[Opening DATA SECTION section]
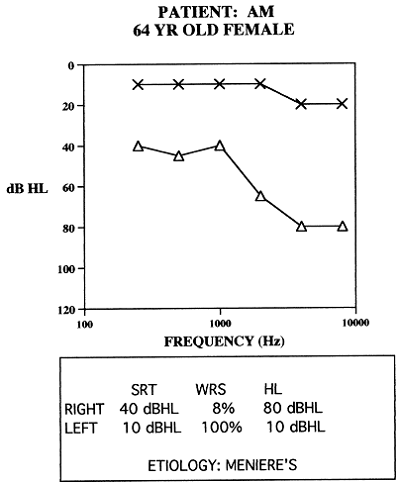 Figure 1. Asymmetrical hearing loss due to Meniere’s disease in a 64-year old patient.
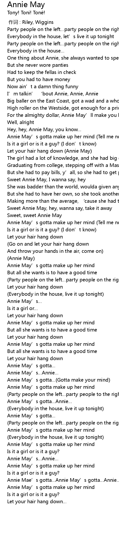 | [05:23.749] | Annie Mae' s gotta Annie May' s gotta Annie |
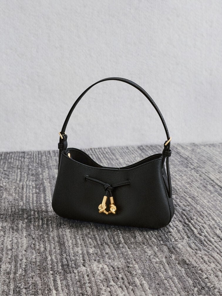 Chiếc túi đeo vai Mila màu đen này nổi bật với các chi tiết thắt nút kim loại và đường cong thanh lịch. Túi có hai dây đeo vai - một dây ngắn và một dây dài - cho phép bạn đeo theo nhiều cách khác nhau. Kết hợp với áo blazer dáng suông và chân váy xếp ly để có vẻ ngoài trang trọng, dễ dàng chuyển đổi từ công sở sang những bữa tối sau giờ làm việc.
[Closing DATA SECTION section]
[Opening DATA SECTION section]
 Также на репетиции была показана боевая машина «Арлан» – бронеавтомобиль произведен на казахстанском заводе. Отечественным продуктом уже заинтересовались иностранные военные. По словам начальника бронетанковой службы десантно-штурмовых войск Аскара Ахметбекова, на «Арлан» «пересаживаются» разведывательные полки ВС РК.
[Closing DATA SECTION section]
[Opening DATA SECTION section]
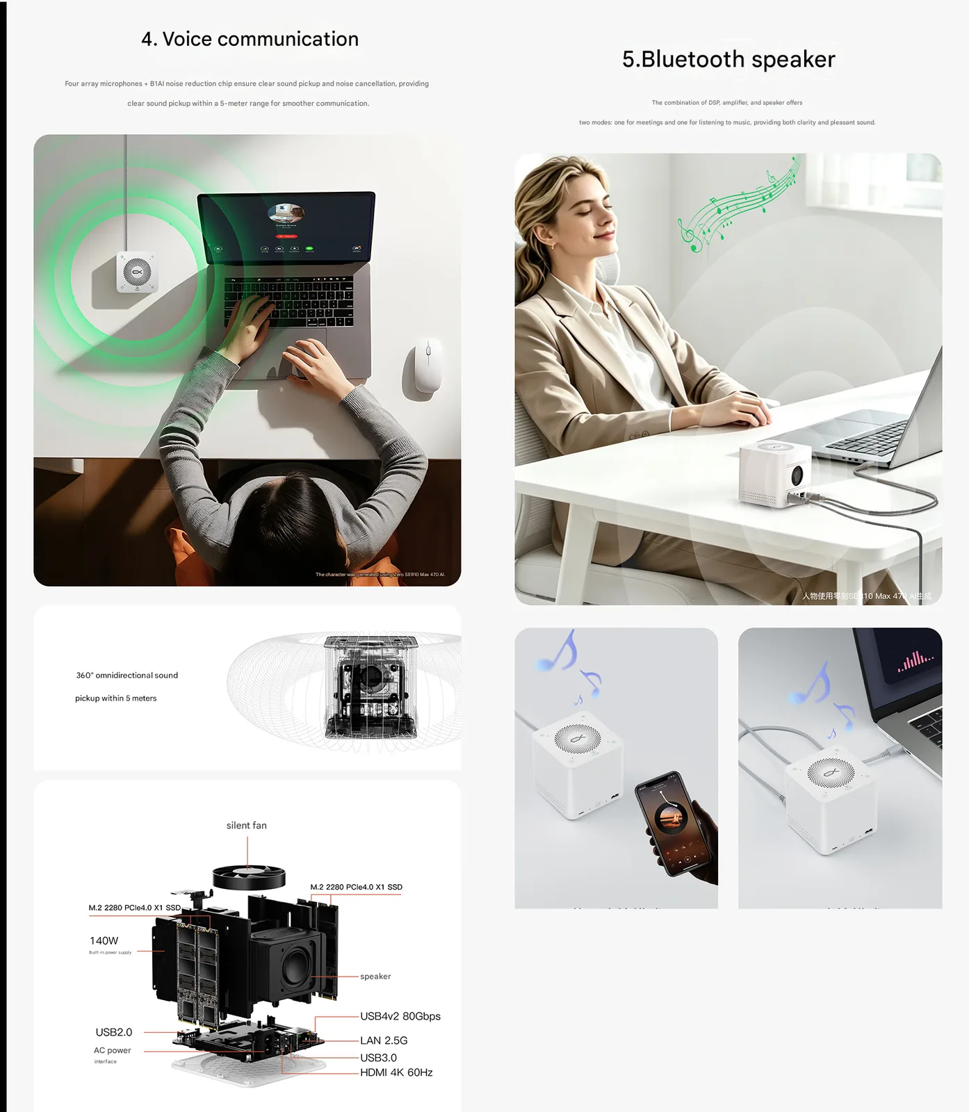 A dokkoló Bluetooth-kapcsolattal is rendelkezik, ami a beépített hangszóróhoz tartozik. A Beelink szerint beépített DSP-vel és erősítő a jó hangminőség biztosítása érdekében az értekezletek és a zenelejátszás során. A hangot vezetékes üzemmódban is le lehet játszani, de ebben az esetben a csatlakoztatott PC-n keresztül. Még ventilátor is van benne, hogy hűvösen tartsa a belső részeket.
[Closing DATA SECTION section]
> **TASK GOAL**
Above, find the line holding "Figure 1. Asymmetrical" and the line holding "Chiếc túi đeo". Print exactly those two lines and every line between them, but no pictures.

> **RESPONSE AREA**
 Figure 1. Asymmetrical hearing loss due to Meniere’s disease in a 64-year old patient.
 | [05:23.749] | Annie Mae' s gotta Annie May' s gotta Annie |
 Chiếc túi đeo vai Mila màu đen này nổi bật với các chi tiết thắt nút kim loại và đường cong thanh lịch. Túi có hai dây đeo vai - một dây ngắn và một dây dài - cho phép bạn đeo theo nhiều cách khác nhau. Kết hợp với áo blazer dáng suông và chân váy xếp ly để có vẻ ngoài trang trọng, dễ dàng chuyển đổi từ công sở sang những bữa tối sau giờ làm việc.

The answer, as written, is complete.